» **What to produce**
Starting at the line that contains "Wer zuletzt lacht…" and stopping after the line that contains "Boucles d'oreilles pendantes", transcribe the listing below exactly; do not include any pictures.

» **Input**
+++

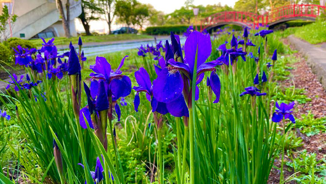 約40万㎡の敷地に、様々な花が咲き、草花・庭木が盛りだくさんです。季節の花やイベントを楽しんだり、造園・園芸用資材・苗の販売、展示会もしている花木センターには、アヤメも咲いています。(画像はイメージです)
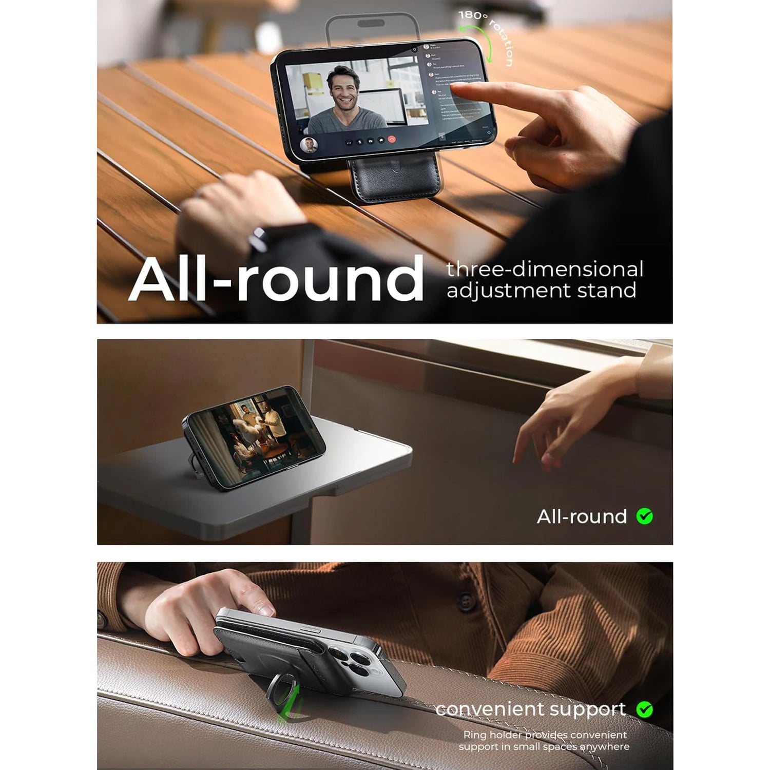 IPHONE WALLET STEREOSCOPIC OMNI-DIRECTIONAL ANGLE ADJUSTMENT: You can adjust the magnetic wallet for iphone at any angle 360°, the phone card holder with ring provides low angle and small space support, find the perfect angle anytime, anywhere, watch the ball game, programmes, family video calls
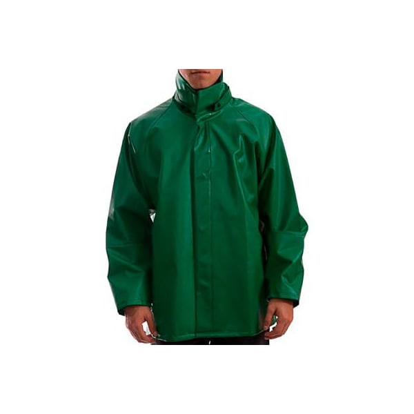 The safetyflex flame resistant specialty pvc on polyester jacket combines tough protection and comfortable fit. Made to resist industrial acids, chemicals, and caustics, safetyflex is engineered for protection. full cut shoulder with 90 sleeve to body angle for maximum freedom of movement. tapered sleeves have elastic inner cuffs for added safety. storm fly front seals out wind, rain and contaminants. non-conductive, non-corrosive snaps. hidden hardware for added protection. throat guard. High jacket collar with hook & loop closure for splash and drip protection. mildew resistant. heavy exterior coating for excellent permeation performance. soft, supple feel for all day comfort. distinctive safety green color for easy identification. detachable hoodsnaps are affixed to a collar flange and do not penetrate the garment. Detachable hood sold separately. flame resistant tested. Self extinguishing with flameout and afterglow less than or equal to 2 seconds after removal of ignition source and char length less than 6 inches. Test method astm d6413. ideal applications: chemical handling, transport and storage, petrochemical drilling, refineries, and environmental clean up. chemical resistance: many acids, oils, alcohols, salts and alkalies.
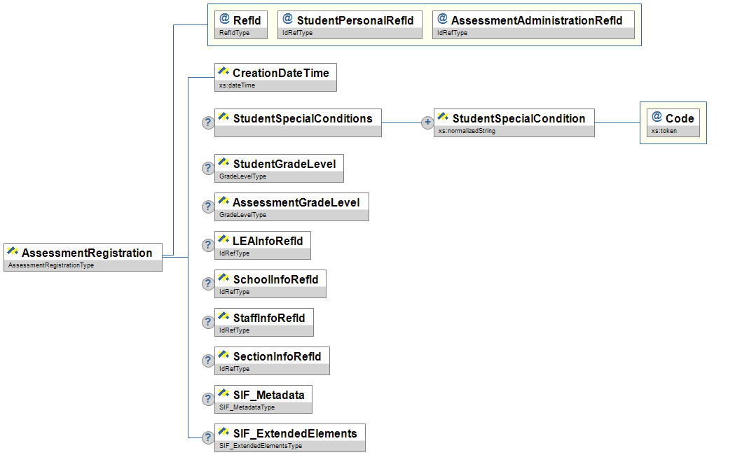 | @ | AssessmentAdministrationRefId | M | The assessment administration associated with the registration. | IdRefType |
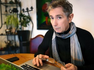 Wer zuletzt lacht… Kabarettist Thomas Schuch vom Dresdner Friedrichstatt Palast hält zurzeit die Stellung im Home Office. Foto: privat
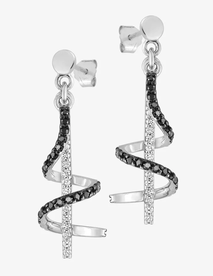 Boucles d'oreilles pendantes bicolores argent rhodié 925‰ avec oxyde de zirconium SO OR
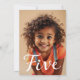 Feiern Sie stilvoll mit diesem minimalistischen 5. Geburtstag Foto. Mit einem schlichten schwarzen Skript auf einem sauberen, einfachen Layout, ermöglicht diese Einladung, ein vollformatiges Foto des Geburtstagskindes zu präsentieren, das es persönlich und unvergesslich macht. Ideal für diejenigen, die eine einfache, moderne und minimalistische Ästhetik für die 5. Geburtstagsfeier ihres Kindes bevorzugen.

+++

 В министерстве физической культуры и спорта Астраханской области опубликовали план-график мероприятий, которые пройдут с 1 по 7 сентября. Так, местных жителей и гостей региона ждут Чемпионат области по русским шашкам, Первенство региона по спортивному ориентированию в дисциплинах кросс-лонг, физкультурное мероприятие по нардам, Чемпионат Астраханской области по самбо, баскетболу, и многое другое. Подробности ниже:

+++

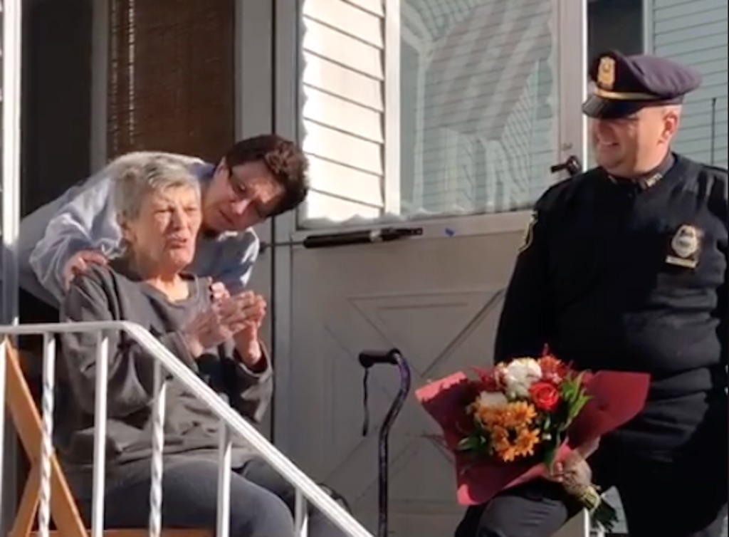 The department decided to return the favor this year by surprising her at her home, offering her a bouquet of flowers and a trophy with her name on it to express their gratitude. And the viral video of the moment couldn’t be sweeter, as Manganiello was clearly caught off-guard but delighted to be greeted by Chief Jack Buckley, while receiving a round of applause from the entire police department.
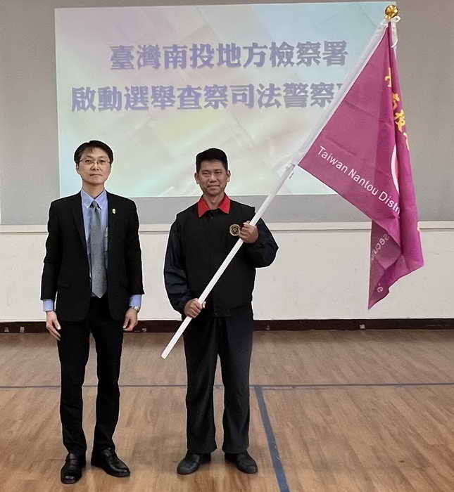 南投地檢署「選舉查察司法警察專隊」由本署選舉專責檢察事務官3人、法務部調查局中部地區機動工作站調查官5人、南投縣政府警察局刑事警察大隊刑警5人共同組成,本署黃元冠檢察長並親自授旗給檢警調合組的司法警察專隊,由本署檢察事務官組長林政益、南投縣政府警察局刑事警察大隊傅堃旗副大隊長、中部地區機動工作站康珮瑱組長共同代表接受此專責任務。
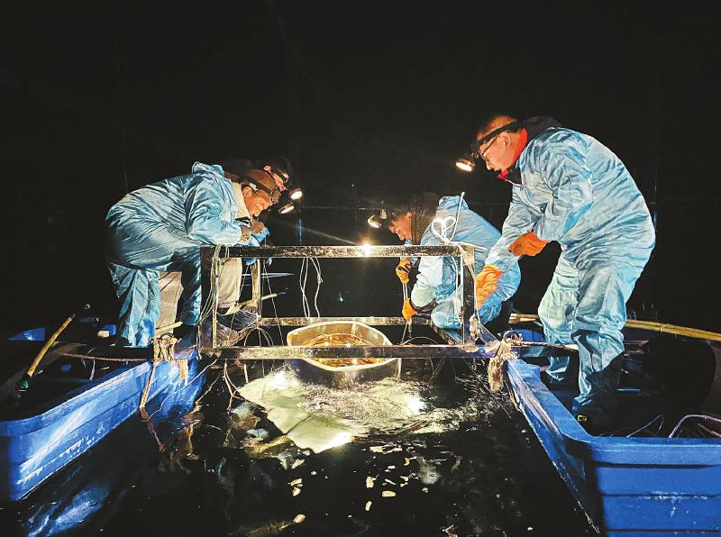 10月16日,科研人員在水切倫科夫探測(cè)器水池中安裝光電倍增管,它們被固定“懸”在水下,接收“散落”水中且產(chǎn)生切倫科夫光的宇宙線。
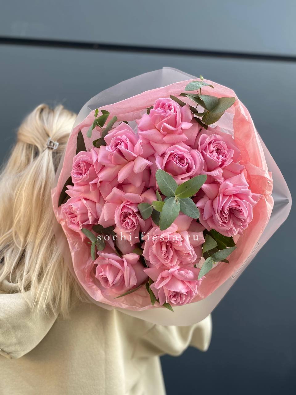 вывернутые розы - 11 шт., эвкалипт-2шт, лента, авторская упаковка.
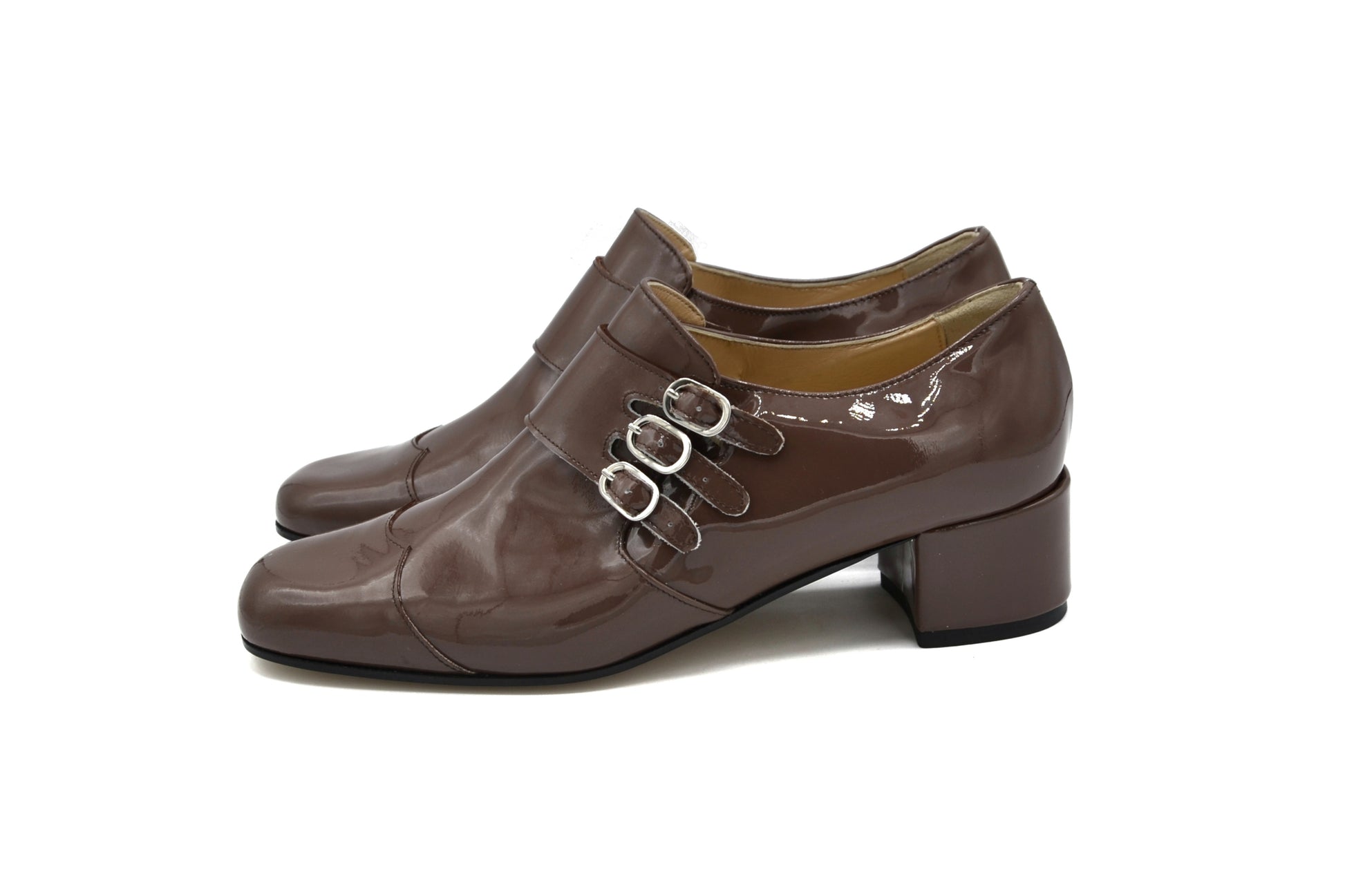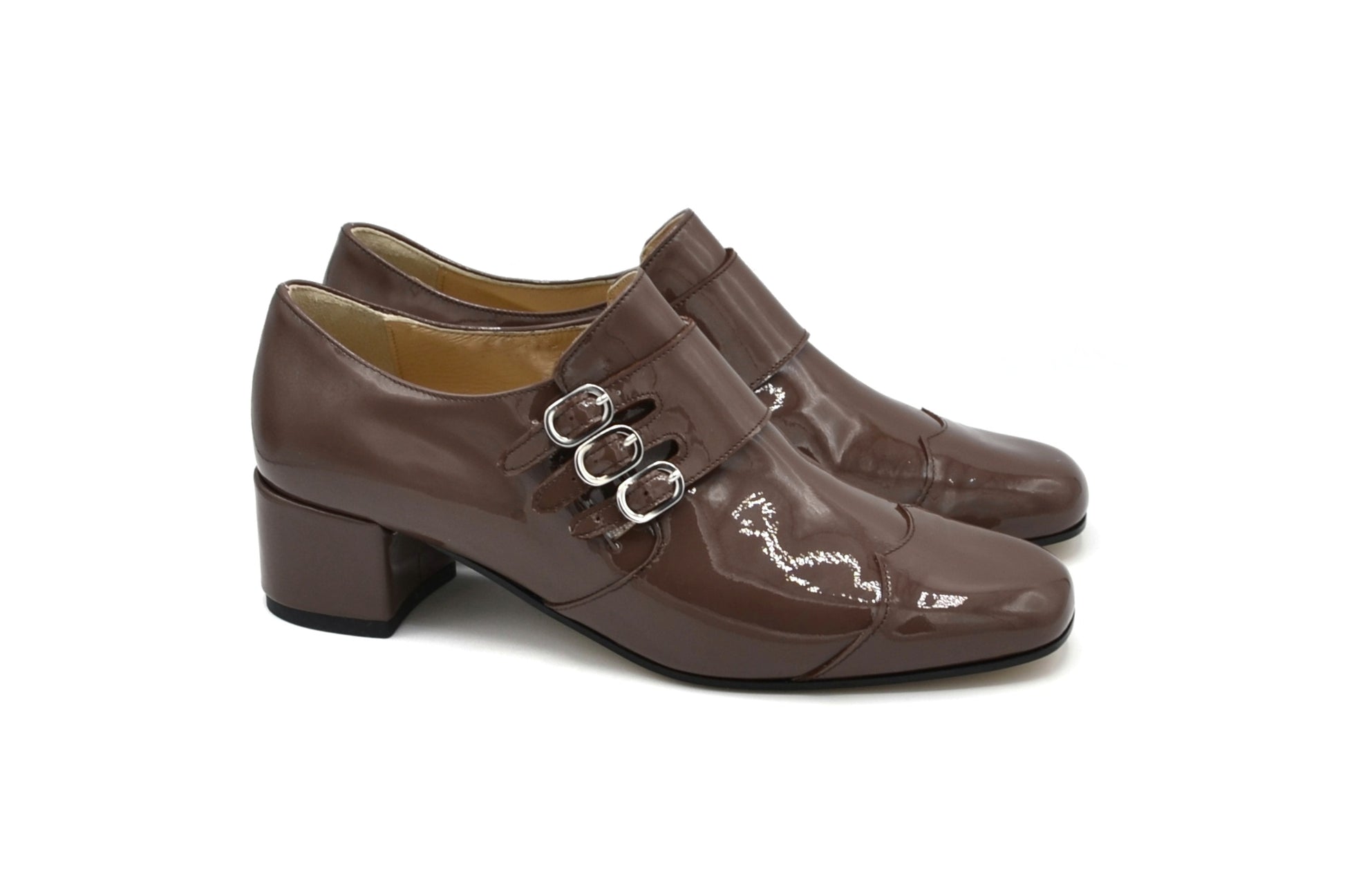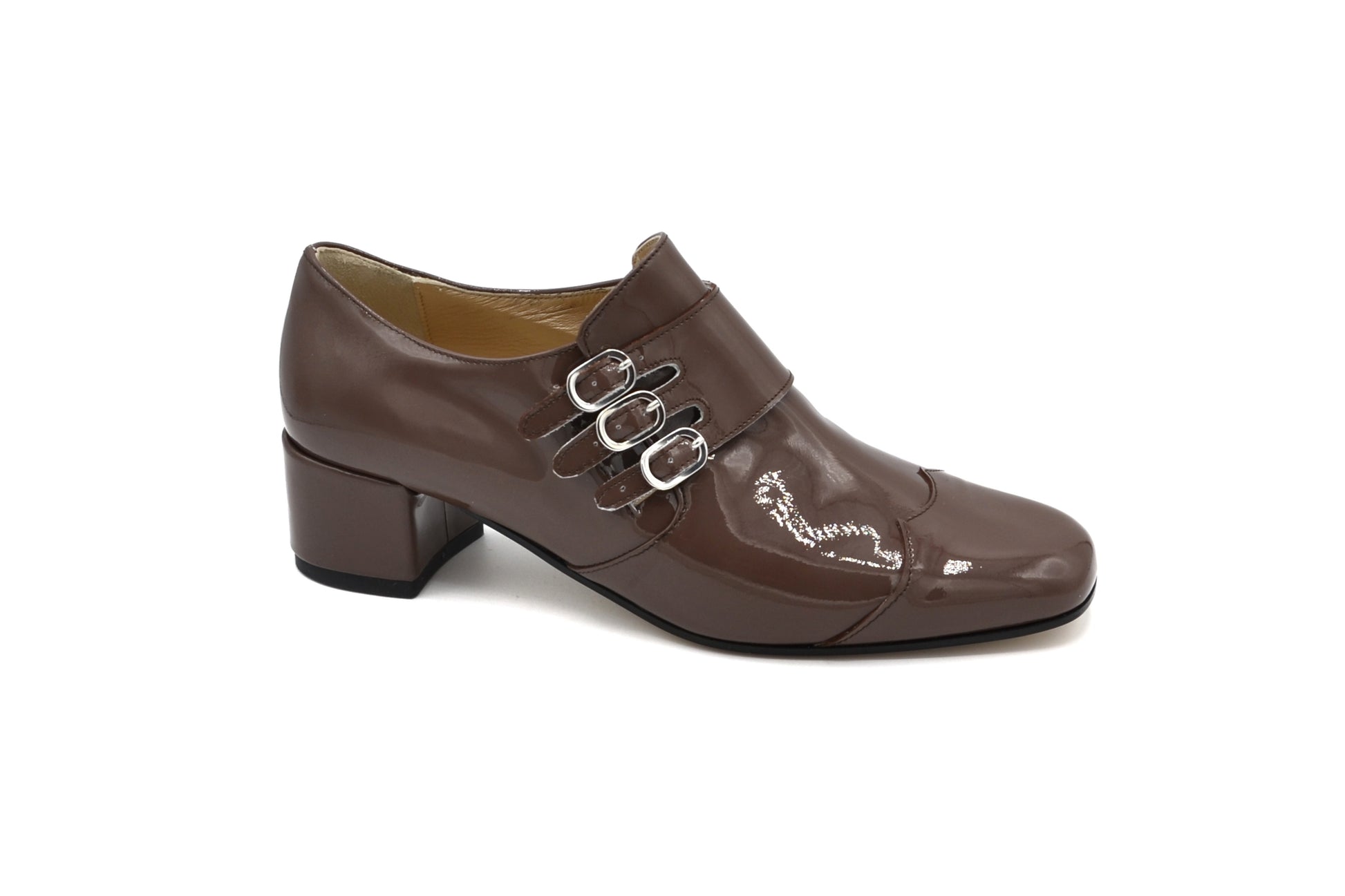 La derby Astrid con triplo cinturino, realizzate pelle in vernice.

+++

» **Solution to this exercise**
 Wer zuletzt lacht… Kabarettist Thomas Schuch vom Dresdner Friedrichstatt Palast hält zurzeit die Stellung im Home Office. Foto: privat
 Boucles d'oreilles pendantes bicolores argent rhodié 925‰ avec oxyde de zirconium SO OR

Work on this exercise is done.